* [Exercise brief]: Verbatim copy, pictures excluded: every line from the one with "本產(chǎn)品配色豐富、" through the final line of the data below, and no other line.

* [Dataset content]:
========================================
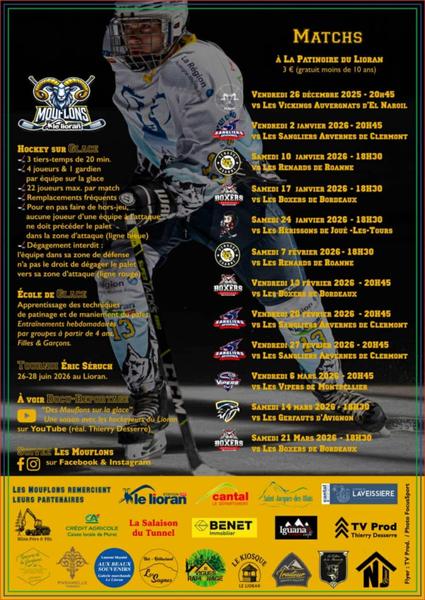 Venez vibrer et soutenir les Mouflons du Lioran lors de leurs matchs de hockey sur glace à la patinoire.
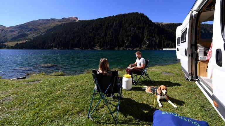 La pareja se toma su tiempo, no viaja lejos, va de excursión, monta en bici. En invierno, trabajan como camareros en una estación de esquí, 70 horas por semana, para poder vivir de esta forma el resto del año.
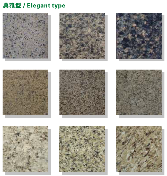 本產(chǎn)品配色豐富、層次分明、色彩穩(wěn)定性佳、質(zhì)感佳,大理石、花崗石、銹石等多種石紋造型,均能輕易呈現(xiàn),是天然石材的替代產(chǎn)品。
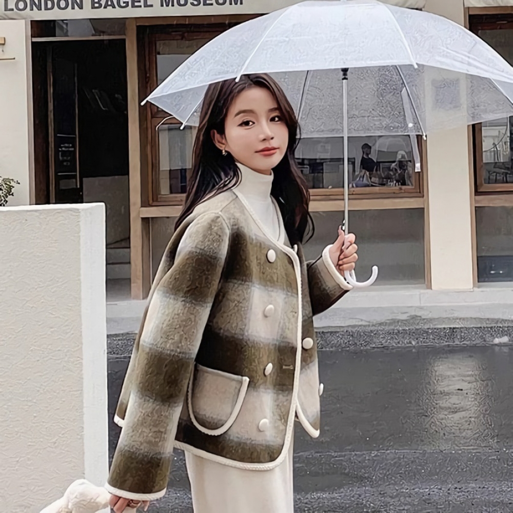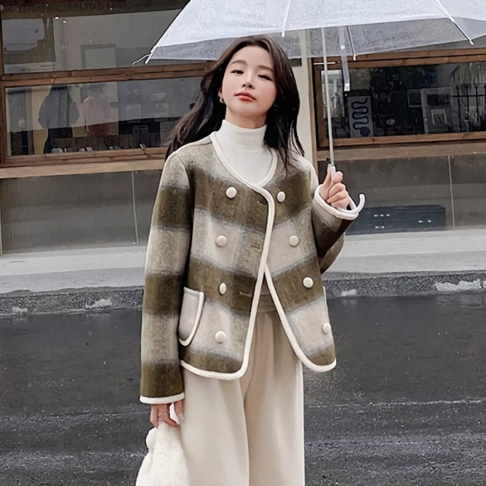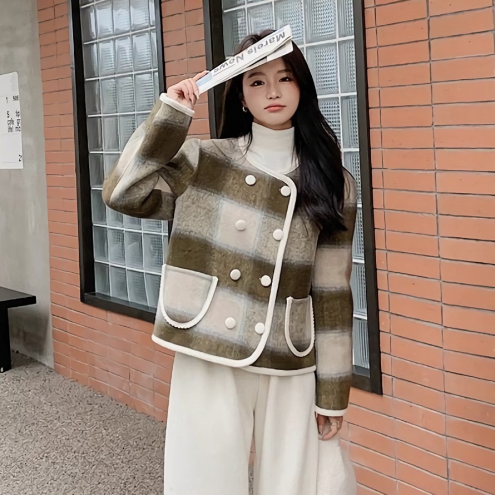 스타일리시한 체크 더블 버튼 숏 모직 코트
========================================
* [Your solution]:
 本產(chǎn)品配色豐富、層次分明、色彩穩(wěn)定性佳、質(zhì)感佳,大理石、花崗石、銹石等多種石紋造型,均能輕易呈現(xiàn),是天然石材的替代產(chǎn)品。
 스타일리시한 체크 더블 버튼 숏 모직 코트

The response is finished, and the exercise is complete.